MELAWI – Sudah hampir sepekan banjir merendam sejumlah wilayah di Kabupaten Melawi. Bantuan logistik mulai disalurkan kepala warga yang terdampak, di antaranya di Dusun Teladan Jaya, Desa Sidomulyo, Kecamatan Nanga Pinoh dan Dusun Nyang I, Desa Suka Damai, Kecamatan Pinoh Utara, Kabupaten Melawi, Selasa (7/9) siang.
Bantuan disalurkan oleh tim relawan gabungan Rumah Zakat Kalbar dan PMI Kabupaten Melawi. Dengan menggunakan dua kapal motor tambang dan sebuah perahu karet milik FAJI Kalimantan Barat, bantuan paket logistik berupa beras dan alat-alat mandi disalurkan langsung kepada warga terdampak banjir. Setidaknya ada 90 paket bantuan yang disalurkan hari ini.
Sempitnya akses menuju ke pemukiman warga membuat para relawan tidak segan-segan menceburkan diri ke air sembari membawa paket bantuan dan menyerahkannya langsung kepada warga. Salah satunya Linda Purnama Sari, relawan PMI Kabupaten Melawi. Perempuan 21 tahun ini dengan berani berenang mengantarkan paket bantuan tersebut.

Ketua PMI Kebupaten Melawi Nurbetty Eka Mulyastri mengatakan, dua daerah ini merupakan daerah paling terdampak karena berada di bantaran sungai. Selain itu, kata Nurbetty, wilayah tersebut mudah dijangkau.
“Daerah itu memang paling parah terdampak banjir.

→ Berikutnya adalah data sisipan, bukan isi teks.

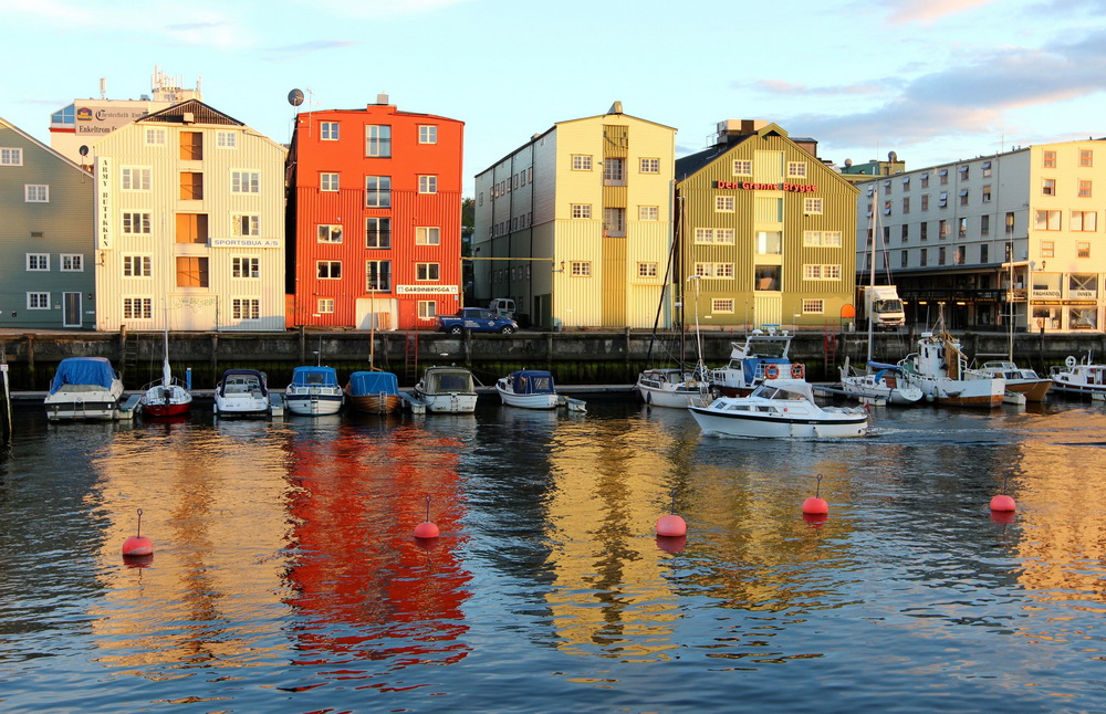 Романтика еще и в том, что лодка собирает пассажиров со всех многочисленных островов между Кристиансундом и Тронхеймом, и можно всеми этими островами полюбоваться через окошко. Так мы и доплыли до Тронхейма, по пути пожевывая сухую несоленую треску. Как только ее ели викинги! В Тронхейм прибыли на закате, и этот город сразу предстал перед нами во всей своей красе! Я влюбилась в него с первого взгляда.

Selain itu juga belum tersentuh bantuan,” kata Nurbetty Eka Mulyastri kepada Pontianak Post, kemarin.
Berdasarkan data yang dihimpun PMI, hampir seluruh kecamatan di Kabupaten Melawi terdampak banjir. Setidaknya ada 47 desa dari enam kecamatan. “Data ini sudah kami sikronkan dengan data BPB. Hampir seluruh Kecamatan di Melawi terdampak banjir. Hanya Kecamatan Belimbing, Pinoh Selatan dan Kecamatan Sayan yang tidak berdampak banjir,” bebernya.
Krisis Iklim
Bencana ekologis banjir yang melanda Melawi dan sejumlah wilayah di Kalimantan Barat saat ini mengonfirmasi terjadinya krisis iklim yang ditandai dengan kondisi cuaca yang ekstrem. Hal itu diungkapkan Ketua Divisi Kajian dan Kampanye Wahana Lingkungan Hidup Indonesia (Walhi) Kalbar, Hendrikus Adam.
Menurut Adam, kondisi curah hujan dengan intensitasnya yang tinggi belakangan hanyalah pemantik dari bencana yang terjadi. Lebih dari itu, kata Adam, bencana ini terulang karena kondisi kawasan penyangga sekitar daerah aliran sungai selama ini rusak, sehingga kehilangan kemampuan daya dukung maupun daya tampung lingkungan.
Ia juga menyebutkan, praktik ekstraksi atas sumber daya alam yang berlangsung sejak lama melalui izin korporasi maupun praktik perusakan lingkungan menjadikan bentang alam sebagai penyangga kawasan mengalami degradasi.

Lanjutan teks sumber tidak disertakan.